1833

President Jackson appoints Roger B. Taney as Secretary of State for the Treasury, with instructions to start removing the government's deposits from the Second Bank of the United States. President Jackson's previous two Secretaries of State for the Treasury, William J. Duane and Louis McLane had both refused to comply with President Jackson's request and were fired as a result.However the head of the, Second Bank of the United States, Nicholas Biddle, used his influence to get the Senate to reject Roger B. Taney's nomination and even threatened to cause a depression if the Bank was not re-chartered. Biddle stated,

"This worthy President thinks that because he has scalped Indians and imprisoned judges, he is to have his way with the Bank. He is mistaken."

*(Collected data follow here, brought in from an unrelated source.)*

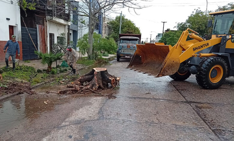 Más allá del drenaje hídrico, el temporal estuvo acompañado por fuertes ráfagas de viento que provocaron daños en el arbolado público. Por este motivo, cuadrillas de la Secretaría de Servicios Públicos se encuentran recorriendo la ciudad para la recolección de ramas y árboles caídos que obstruían la vía pública o representaban un riesgo para los vecinos.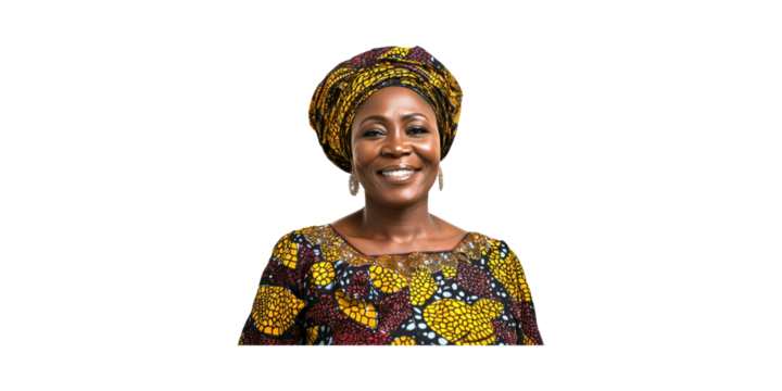 Smiling Woman In Traditional African Attire. Cultural Heritage And Fashion Expression Isolated On Transparent Background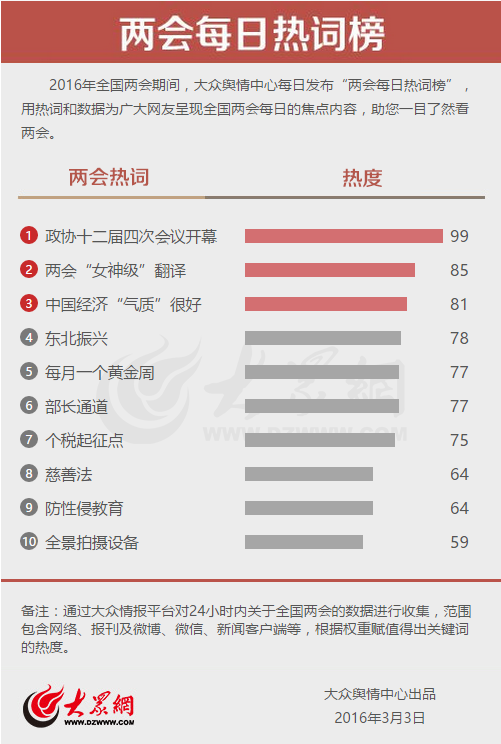 大眾網濟南3月3日訊 (記者 劉欣 劉洪 宋瑋瑋)今天,大眾輿情中心發布第二期“兩會每日熱詞榜”。“政協十二屆四次會議開幕”“兩會‘女神級’翻譯”“中國經濟‘氣質’很好”分別以99、85和81的熱度位居前三。

Biddle then went on to brazenly admit that the bank was intending to make money scarce in order to force the hand of Congress into re-chartering the bank. He stated,

"Nothing but widespread suffering will produce any effect on Congress ... Our only safety is pursuing a steady course of firm restriction - and I have no doubt that such a course will ultimately lead to restoration of the currency and re-charter of the Bank."

What Biddle has done with that statement is prove to the world what central banks were really about. He made good on his word, and the Second Bank of the United States, sharply contracted the money supply by calling in old loans and refusing to issue new ones. Naturally a financial panic ensued, followed by America being plunged into a deep depression.Biddle then unashamedly blamed President Jackson for the crash, claiming that it was Jackson's withdrawal of federal funds that had caused it. This crash plunged wages and prices, unemployment soared along with business bankruptcies. The United States was in uproar and newspaper editors blasted the President in editorials.